* **INPUT**:
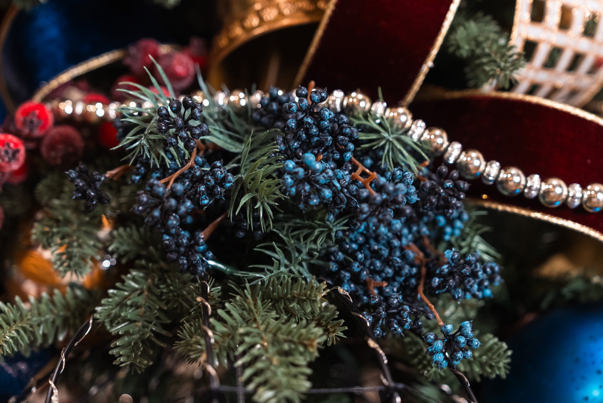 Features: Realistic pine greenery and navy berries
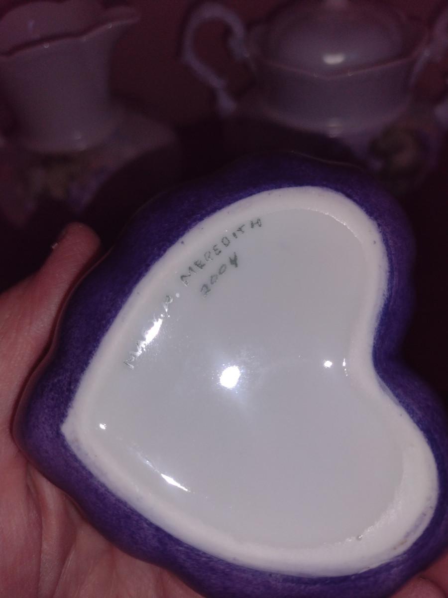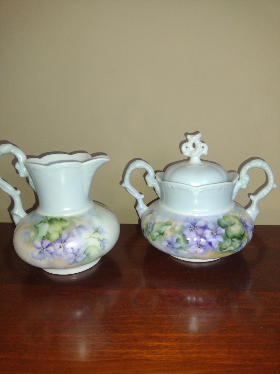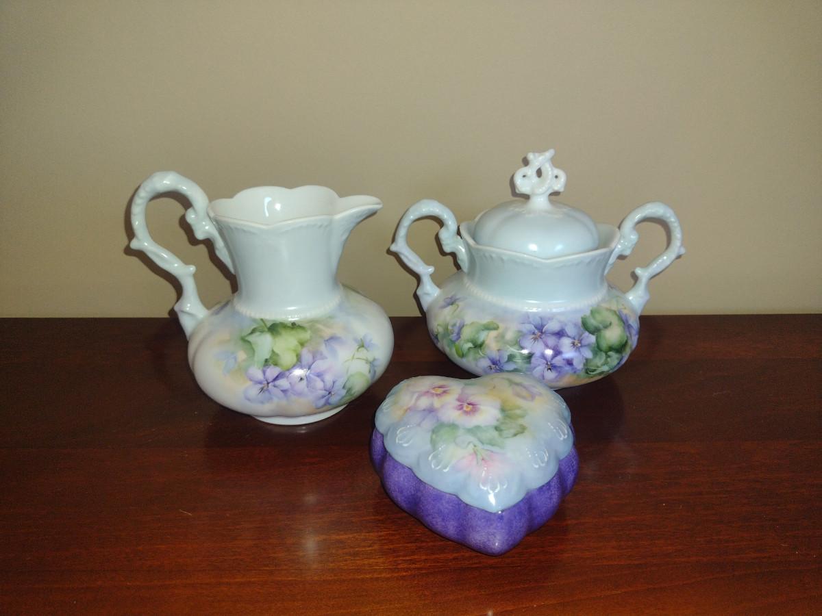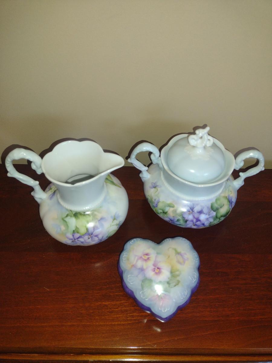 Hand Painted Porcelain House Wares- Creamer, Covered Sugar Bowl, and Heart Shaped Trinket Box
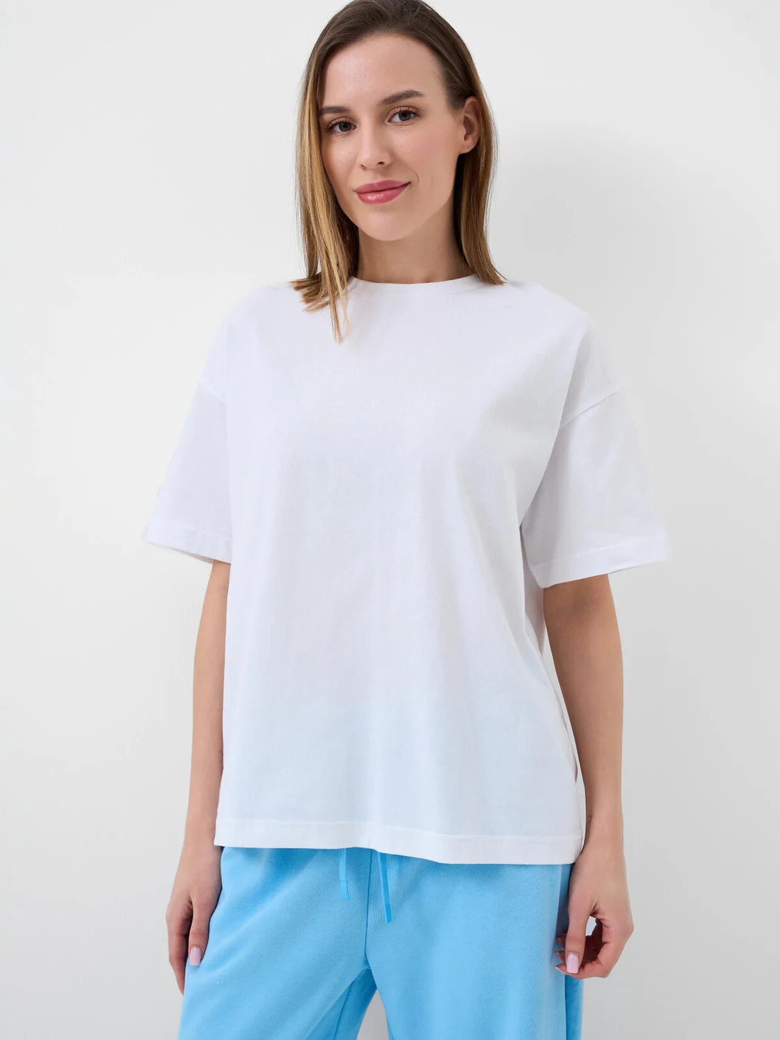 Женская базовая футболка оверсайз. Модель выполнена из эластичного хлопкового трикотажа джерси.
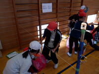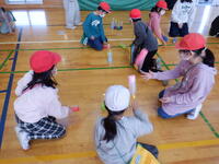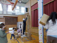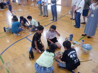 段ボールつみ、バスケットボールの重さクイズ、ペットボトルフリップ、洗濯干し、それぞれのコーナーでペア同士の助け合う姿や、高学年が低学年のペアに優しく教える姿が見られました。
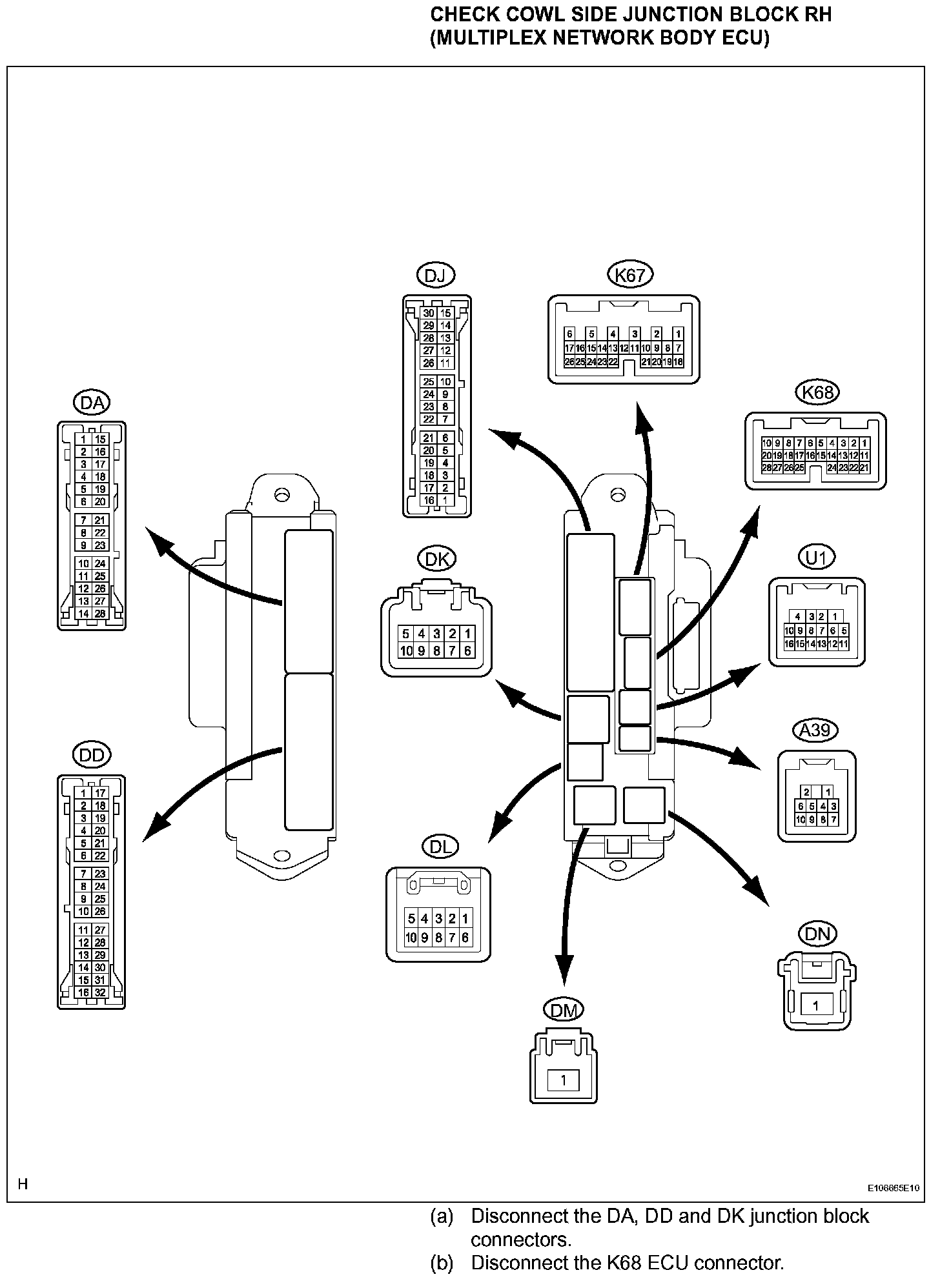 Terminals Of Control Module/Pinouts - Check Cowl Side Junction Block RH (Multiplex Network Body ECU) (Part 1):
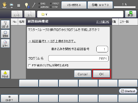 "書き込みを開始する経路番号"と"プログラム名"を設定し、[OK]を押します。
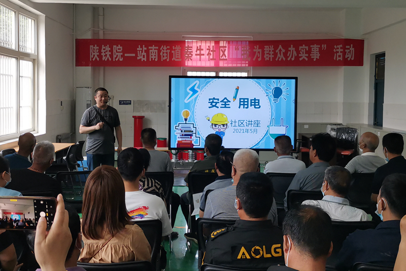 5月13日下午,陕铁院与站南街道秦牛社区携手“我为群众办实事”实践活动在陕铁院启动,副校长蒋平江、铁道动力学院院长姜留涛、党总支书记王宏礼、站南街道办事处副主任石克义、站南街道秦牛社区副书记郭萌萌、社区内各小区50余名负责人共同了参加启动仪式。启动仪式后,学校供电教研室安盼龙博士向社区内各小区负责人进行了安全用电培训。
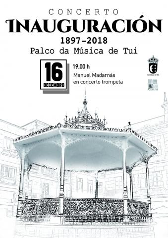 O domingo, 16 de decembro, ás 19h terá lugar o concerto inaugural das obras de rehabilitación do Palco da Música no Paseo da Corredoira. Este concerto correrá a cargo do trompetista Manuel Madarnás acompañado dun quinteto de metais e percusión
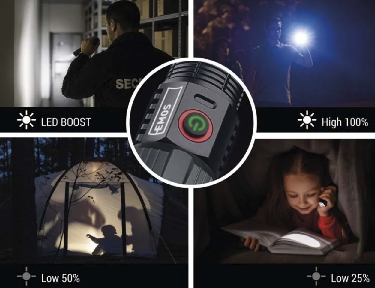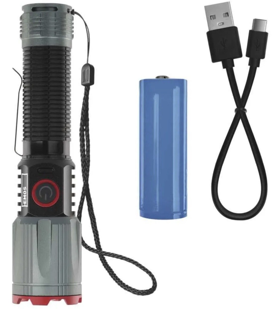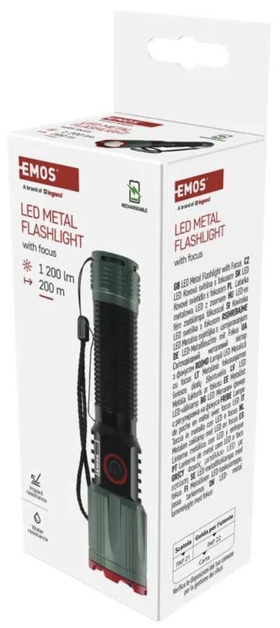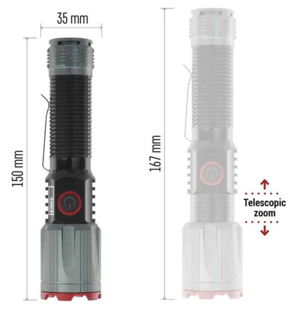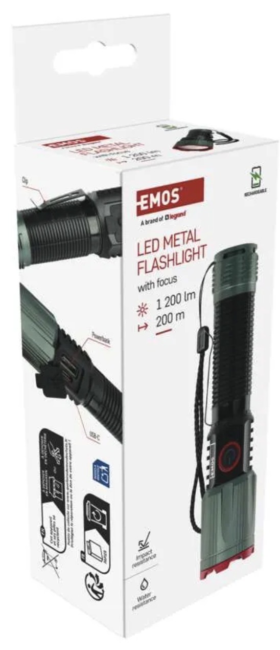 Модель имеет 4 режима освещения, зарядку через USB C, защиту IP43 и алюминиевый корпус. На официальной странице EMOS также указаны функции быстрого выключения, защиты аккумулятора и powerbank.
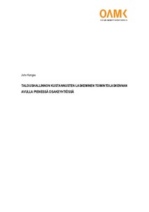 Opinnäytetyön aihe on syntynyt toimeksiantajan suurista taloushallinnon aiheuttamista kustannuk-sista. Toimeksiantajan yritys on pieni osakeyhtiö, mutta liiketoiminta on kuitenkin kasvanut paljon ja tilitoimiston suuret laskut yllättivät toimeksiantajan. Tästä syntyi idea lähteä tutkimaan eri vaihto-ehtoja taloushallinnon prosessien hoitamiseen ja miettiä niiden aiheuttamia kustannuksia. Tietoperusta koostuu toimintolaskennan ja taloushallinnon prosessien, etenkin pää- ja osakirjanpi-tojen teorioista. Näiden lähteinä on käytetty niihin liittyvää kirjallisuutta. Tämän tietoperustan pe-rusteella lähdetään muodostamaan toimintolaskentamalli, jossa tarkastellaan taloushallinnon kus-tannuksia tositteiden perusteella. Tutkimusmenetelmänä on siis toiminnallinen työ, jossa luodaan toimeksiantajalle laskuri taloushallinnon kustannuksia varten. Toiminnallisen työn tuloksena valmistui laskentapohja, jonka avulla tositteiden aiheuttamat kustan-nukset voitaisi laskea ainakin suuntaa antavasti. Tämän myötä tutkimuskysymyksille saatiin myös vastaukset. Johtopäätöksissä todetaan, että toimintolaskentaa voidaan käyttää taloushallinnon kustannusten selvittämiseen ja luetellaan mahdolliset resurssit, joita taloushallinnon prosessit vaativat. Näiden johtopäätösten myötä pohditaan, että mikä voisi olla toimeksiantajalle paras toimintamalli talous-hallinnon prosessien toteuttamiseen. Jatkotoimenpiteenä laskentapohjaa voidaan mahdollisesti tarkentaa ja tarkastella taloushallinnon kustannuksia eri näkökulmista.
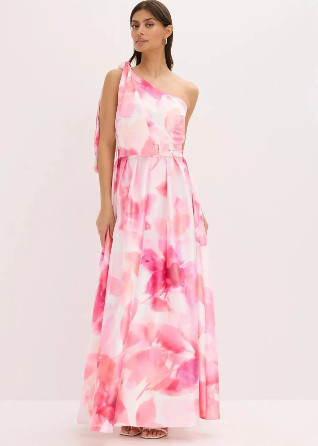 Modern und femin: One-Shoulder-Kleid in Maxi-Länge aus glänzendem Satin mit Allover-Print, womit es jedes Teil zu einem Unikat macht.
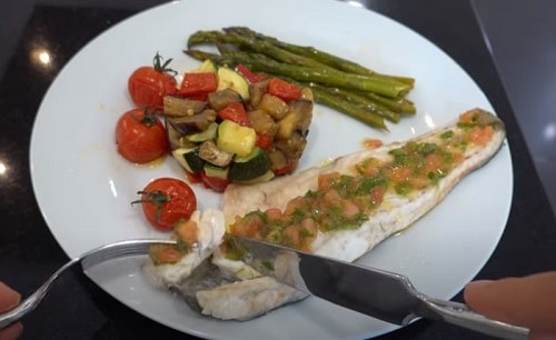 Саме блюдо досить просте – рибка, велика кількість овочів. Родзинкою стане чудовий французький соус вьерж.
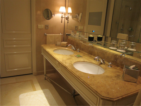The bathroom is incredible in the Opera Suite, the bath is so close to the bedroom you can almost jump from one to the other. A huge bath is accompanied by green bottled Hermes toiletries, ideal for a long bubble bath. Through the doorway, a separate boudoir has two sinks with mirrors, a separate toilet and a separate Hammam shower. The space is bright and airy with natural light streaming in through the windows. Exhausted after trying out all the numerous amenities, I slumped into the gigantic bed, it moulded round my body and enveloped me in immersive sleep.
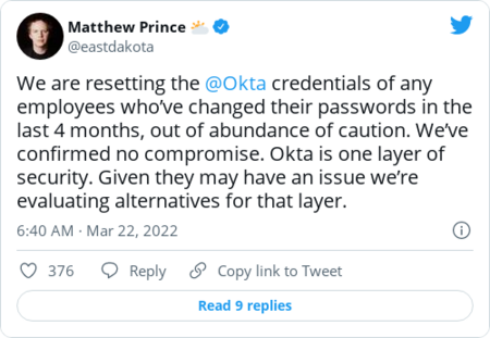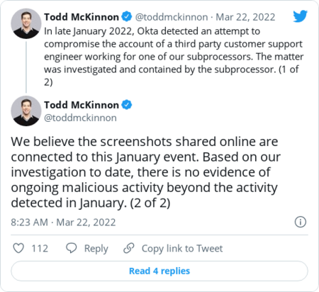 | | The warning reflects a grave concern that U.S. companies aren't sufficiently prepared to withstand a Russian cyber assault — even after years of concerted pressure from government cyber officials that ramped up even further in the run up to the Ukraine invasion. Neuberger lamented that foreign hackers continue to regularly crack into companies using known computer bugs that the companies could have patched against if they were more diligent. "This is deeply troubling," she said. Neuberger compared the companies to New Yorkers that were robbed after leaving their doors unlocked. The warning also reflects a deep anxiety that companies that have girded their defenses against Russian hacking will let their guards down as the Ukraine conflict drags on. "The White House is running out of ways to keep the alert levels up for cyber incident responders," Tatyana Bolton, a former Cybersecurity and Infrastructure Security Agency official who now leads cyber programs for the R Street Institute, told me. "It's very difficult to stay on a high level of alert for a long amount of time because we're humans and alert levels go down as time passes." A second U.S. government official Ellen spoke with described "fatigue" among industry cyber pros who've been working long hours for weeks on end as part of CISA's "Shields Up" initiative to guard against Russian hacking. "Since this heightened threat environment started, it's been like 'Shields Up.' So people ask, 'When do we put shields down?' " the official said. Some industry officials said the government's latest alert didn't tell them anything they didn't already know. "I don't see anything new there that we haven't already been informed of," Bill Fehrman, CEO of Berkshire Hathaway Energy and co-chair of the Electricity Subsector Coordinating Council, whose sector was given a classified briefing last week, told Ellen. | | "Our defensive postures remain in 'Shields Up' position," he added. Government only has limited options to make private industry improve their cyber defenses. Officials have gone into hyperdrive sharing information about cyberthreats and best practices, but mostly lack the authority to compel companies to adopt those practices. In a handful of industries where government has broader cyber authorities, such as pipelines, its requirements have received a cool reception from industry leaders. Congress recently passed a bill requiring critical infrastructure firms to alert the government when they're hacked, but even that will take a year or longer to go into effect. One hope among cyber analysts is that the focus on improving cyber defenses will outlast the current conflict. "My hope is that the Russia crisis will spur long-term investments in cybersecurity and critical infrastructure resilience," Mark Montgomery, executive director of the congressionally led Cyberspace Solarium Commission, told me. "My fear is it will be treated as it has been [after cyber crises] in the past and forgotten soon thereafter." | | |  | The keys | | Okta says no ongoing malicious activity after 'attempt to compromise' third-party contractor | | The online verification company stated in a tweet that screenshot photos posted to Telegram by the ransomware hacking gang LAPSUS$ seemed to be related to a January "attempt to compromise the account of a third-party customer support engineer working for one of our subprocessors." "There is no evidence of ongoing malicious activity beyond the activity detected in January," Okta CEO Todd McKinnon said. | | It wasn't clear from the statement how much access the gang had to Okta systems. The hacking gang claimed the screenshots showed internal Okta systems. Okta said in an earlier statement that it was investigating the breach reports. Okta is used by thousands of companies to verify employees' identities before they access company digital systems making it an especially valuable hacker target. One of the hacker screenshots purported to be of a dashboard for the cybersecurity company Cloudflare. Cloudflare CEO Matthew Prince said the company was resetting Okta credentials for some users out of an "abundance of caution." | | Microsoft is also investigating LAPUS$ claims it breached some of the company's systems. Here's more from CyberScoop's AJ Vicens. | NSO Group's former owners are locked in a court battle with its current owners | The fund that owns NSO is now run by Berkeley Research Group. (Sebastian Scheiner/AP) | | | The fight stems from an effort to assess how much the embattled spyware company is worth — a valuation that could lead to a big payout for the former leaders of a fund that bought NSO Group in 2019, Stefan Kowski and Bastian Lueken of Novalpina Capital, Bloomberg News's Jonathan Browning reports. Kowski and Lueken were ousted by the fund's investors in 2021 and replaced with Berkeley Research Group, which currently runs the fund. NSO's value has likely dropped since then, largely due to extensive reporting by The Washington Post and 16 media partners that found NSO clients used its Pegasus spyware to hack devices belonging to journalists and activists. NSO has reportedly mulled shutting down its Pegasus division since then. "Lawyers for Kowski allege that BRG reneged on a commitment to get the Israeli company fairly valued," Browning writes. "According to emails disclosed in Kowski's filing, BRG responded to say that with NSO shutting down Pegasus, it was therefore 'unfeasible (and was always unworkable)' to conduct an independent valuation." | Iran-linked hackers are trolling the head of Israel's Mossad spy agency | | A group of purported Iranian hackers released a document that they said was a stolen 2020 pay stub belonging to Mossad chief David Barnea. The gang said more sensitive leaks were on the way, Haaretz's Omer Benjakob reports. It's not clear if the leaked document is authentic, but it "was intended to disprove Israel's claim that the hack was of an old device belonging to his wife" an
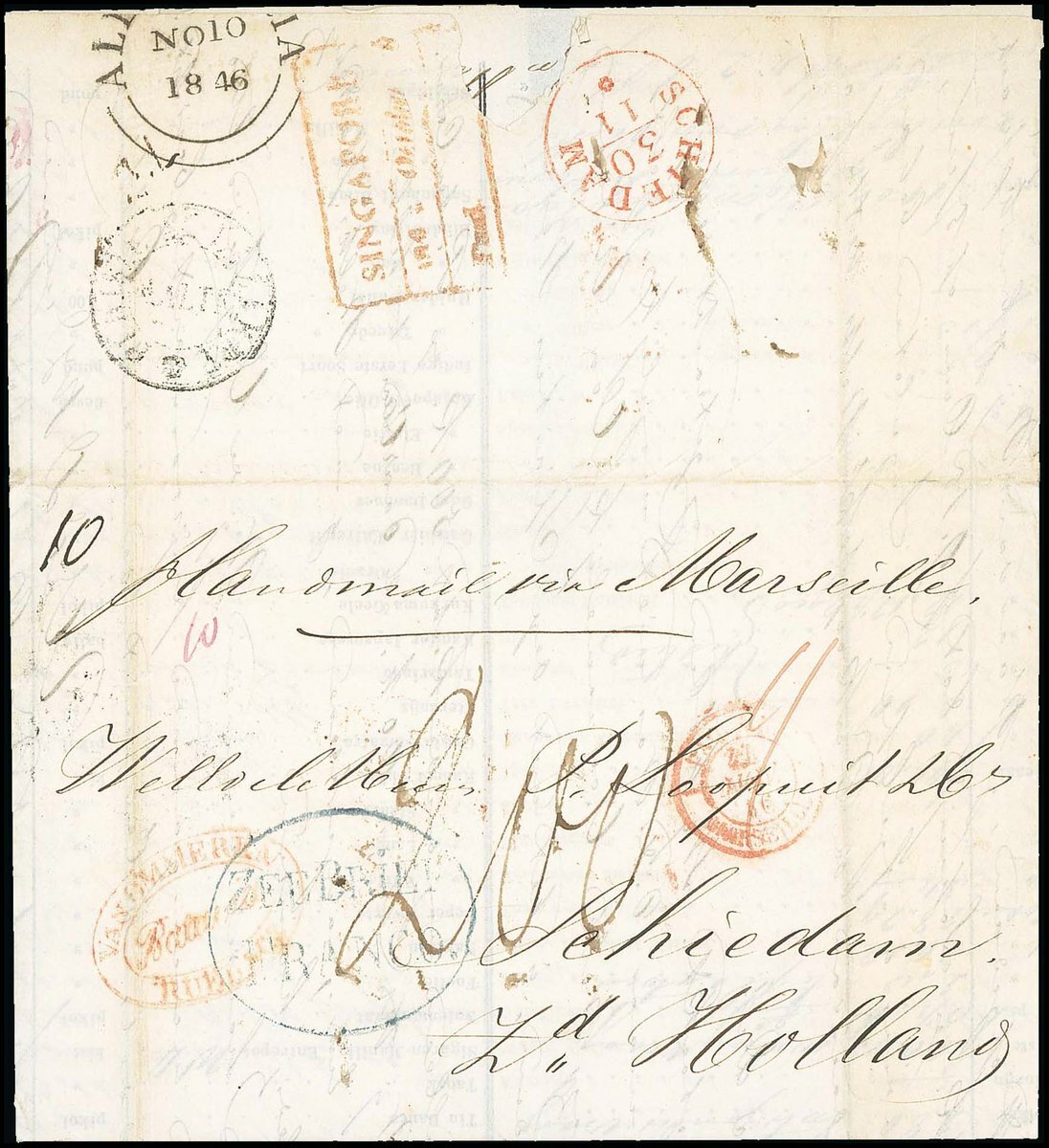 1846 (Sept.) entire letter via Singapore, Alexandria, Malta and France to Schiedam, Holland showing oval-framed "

* **EXERCISE AIM**: Beginning with the first line of the records and ending with the line that contains "段ボールつみ、バスケットボー", reproduce every line exactly, omitting pictures and adding nothing.

* **TASK SOLUTION**:
 Features: Realistic pine greenery and navy berries
 Hand Painted Porcelain House Wares- Creamer, Covered Sugar Bowl, and Heart Shaped Trinket Box
 Женская базовая футболка оверсайз. Модель выполнена из эластичного хлопкового трикотажа джерси.
 段ボールつみ、バスケットボールの重さクイズ、ペットボトルフリップ、洗濯干し、それぞれのコーナーでペア同士の助け合う姿や、高学年が低学年のペアに優しく教える姿が見られました。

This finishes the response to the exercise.